- _THE TASK_:
Return all the data exactly, keeping the pictures out.
-- RECORDED INFORMATION follows --
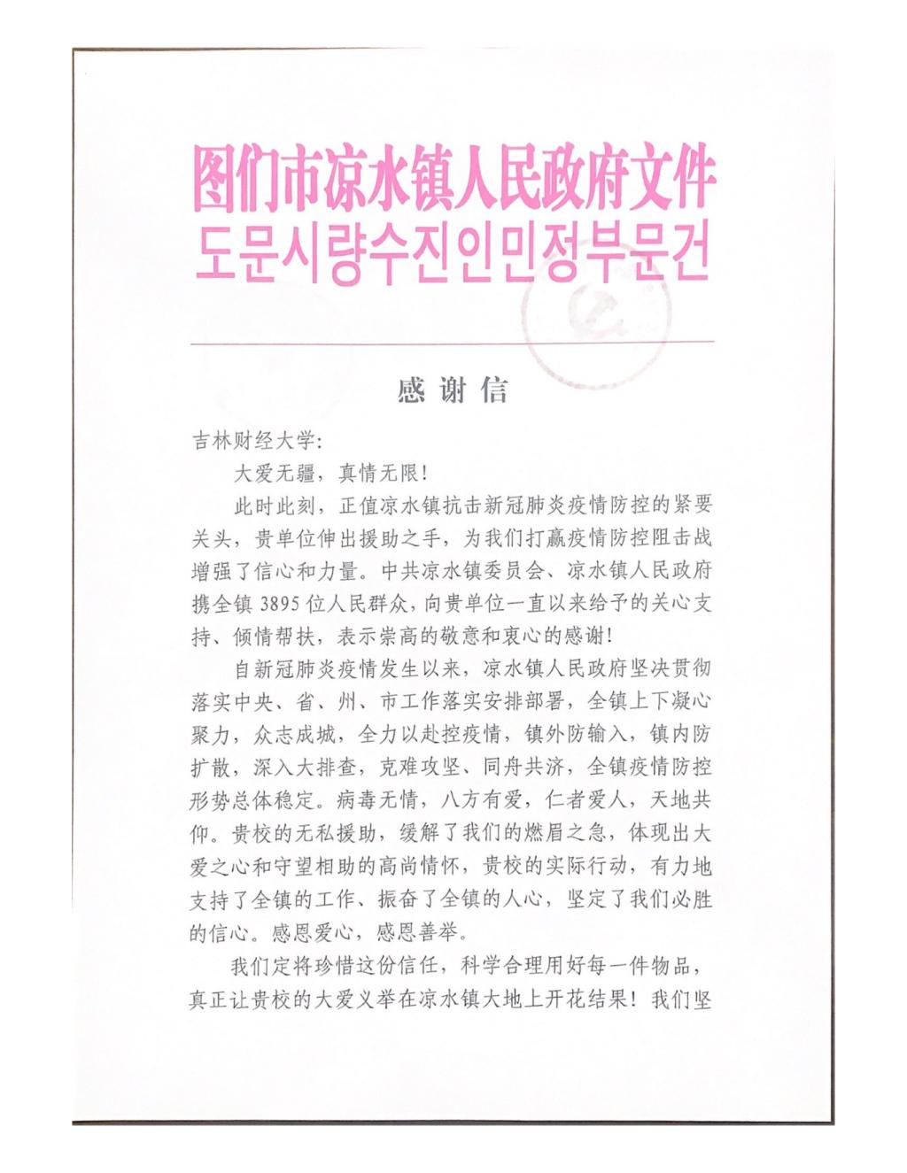 本网讯(工会妇委会 供稿)近日,kaiyun官网向包保帮扶重点村石头村和迎花村捐赠防疫物资,收到图们市凉水镇人民政府发来的感谢信。 信中感谢kaiyun官网对凉水镇乡村振兴包保帮扶工作的关心支持,特别是在凉水镇抗击新冠肺炎疫情防控的紧要关头,学校精心组织,主动作为,伸出援助之手, 助力kaiyun官网包保帮扶重点村做好疫情防控工作。
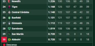 Cómo quedó la tabla de descenso
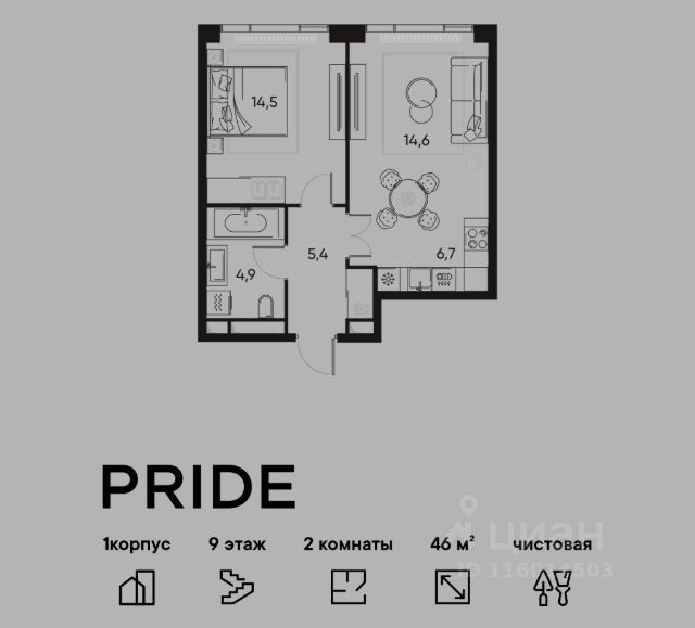 В премиальном жилом квартале Прайд продается 2-комнатная квартира в 1 корпусе, на 11 этаже, в секции 4. Её общая площадь составляет 47.7 м². Пространство включает 1 уютную спальню 14,6 м², просторную кухню-гостиную 21,7 м² и ванную комнату 5,7 м². Ключи в 2026 году. Удобная локация: Жилой квартал расположен в 15 минутах от Цветного бульвара в историческом районе Марьина Роща. До любой точки города быстро и удобно добраться, как на общественном транспорте, так и на авто — комплекс находится всего в 3 минутах от ТТК и в пешей доступности от метро. Яркая архитектура с переменной высотностью от 7 до 22 этажей от именитого бюро APEX формирует запоминающийся облик проекта. Развитая инфраструктура: Территория квартала делится на несколько отдельных частей: открытый просторный бульвар 3500 м² для прогулок и два внутренних камерных двора. Внутри предусмотрены площадки для спорта, места для игр и тихие пространства для отдыха и неторопливого общения. Коммерческие и торговые помещения спроектированы на уровне первых этажей: супермаркеты, магазины, рестораны и кофейни, барбершоп, спа-салон и другие сервисные точки. Образовательный центр со школой на 257 учеников и детским садом на 112 мест на собственной территории квартал - идеальное решение для семей с детьми. Таким образом, внутренняя инфраструктура Прайд обеспечит все базовые потребности будущих жителей. Благоустроенная территория: Ландшафтный дизайн с многоуровневым и замысловатым озеленением будет радовать жителей на протяжении всех сезонов — богатая флора дворов включает в себя несколько десятков видов растений. Лобби как в лучших отелях мира: На первых этажах резидентов и гостей встретят лобби с авторским дизайном от Sundukovy Sisters, бюро знаменито своими работами для отелей и ресторанов премиум-класса во всем мире. Надежный застройщик: Девелопер PIONEER — компания с 24-летней историей. В портфеле — 40 проектов жилой, коммерческой, социальной и многофункциональной недвижимости в Москве и Санкт-Петербурге. С 2001 года было реализовано 2,9 млн м². В настоящее время 1,6 млн м² находятся в стадии проектирования и строительства. Среди новых знаковых проектов девелопера — премиальные жилые кварталы и деловые объекты класса A.
-- RECORDED INFORMATION concluded --
- _REPLY_:
 本网讯(工会妇委会 供稿)近日,kaiyun官网向包保帮扶重点村石头村和迎花村捐赠防疫物资,收到图们市凉水镇人民政府发来的感谢信。 信中感谢kaiyun官网对凉水镇乡村振兴包保帮扶工作的关心支持,特别是在凉水镇抗击新冠肺炎疫情防控的紧要关头,学校精心组织,主动作为,伸出援助之手, 助力kaiyun官网包保帮扶重点村做好疫情防控工作。
 Cómo quedó la tabla de descenso
 В премиальном жилом квартале Прайд продается 2-комнатная квартира в 1 корпусе, на 11 этаже, в секции 4. Её общая площадь составляет 47.7 м². Пространство включает 1 уютную спальню 14,6 м², просторную кухню-гостиную 21,7 м² и ванную комнату 5,7 м². Ключи в 2026 году. Удобная локация: Жилой квартал расположен в 15 минутах от Цветного бульвара в историческом районе Марьина Роща. До любой точки города быстро и удобно добраться, как на общественном транспорте, так и на авто — комплекс находится всего в 3 минутах от ТТК и в пешей доступности от метро. Яркая архитектура с переменной высотностью от 7 до 22 этажей от именитого бюро APEX формирует запоминающийся облик проекта. Развитая инфраструктура: Территория квартала делится на несколько отдельных частей: открытый просторный бульвар 3500 м² для прогулок и два внутренних камерных двора. Внутри предусмотрены площадки для спорта, места для игр и тихие пространства для отдыха и неторопливого общения. Коммерческие и торговые помещения спроектированы на уровне первых этажей: супермаркеты, магазины, рестораны и кофейни, барбершоп, спа-салон и другие сервисные точки. Образовательный центр со школой на 257 учеников и детским садом на 112 мест на собственной территории квартал - идеальное решение для семей с детьми. Таким образом, внутренняя инфраструктура Прайд обеспечит все базовые потребности будущих жителей. Благоустроенная территория: Ландшафтный дизайн с многоуровневым и замысловатым озеленением будет радовать жителей на протяжении всех сезонов — богатая флора дворов включает в себя несколько десятков видов растений. Лобби как в лучших отелях мира: На первых этажах резидентов и гостей встретят лобби с авторским дизайном от Sundukovy Sisters, бюро знаменито своими работами для отелей и ресторанов премиум-класса во всем мире. Надежный застройщик: Девелопер PIONEER — компания с 24-летней историей. В портфеле — 40 проектов жилой, коммерческой, социальной и многофункциональной недвижимости в Москве и Санкт-Петербурге. С 2001 года было реализовано 2,9 млн м². В настоящее время 1,6 млн м² находятся в стадии проектирования и строительства. Среди новых знаковых проектов девелопера — премиальные жилые кварталы и деловые объекты класса A.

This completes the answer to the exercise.